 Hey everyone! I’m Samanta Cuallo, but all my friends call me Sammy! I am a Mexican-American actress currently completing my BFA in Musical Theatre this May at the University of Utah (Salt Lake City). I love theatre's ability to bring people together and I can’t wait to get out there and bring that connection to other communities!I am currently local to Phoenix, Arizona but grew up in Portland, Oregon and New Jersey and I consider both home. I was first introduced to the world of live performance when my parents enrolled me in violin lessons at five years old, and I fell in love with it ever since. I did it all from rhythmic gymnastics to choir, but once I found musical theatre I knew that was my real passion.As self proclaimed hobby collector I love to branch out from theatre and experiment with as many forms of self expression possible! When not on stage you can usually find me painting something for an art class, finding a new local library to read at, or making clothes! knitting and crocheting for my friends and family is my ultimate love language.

::::::

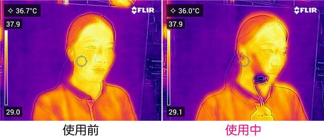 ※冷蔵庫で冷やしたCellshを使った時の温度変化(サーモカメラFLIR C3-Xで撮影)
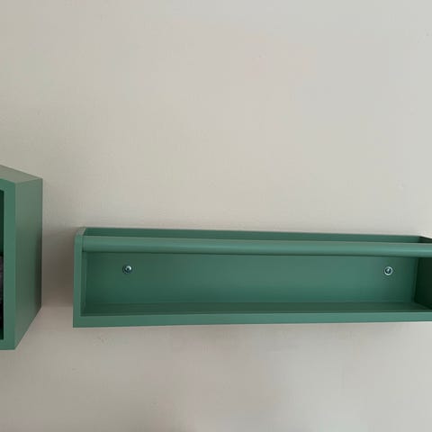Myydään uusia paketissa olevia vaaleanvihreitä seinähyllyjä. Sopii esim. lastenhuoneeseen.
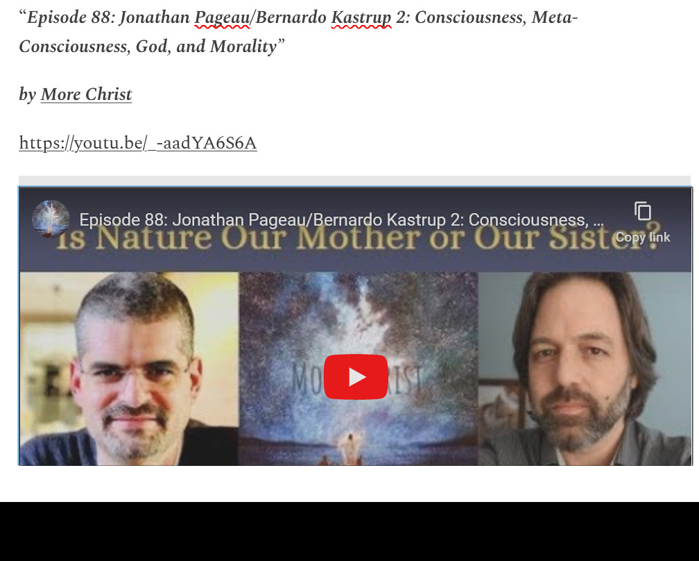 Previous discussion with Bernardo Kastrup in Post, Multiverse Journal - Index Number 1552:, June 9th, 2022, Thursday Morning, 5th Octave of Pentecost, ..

::::::

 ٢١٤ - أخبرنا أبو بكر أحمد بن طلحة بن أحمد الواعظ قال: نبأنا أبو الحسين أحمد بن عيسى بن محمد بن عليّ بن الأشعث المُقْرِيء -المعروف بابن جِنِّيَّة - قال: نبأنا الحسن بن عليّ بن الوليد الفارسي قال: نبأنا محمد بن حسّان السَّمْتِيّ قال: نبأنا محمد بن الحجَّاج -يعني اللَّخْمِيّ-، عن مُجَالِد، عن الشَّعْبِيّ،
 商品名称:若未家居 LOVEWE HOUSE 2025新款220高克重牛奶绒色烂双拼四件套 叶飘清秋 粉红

::::::

* _Task description_
Set down word for word the lines above from the one with "Myydään uusia paketissa" up to and including the one with "Previous discussion with". Omit every picture.

* _Task solution_
Myydään uusia paketissa olevia vaaleanvihreitä seinähyllyjä. Sopii esim. lastenhuoneeseen.
 Previous discussion with Bernardo Kastrup in Post, Multiverse Journal - Index Number 1552:, June 9th, 2022, Thursday Morning, 5th Octave of Pentecost, ..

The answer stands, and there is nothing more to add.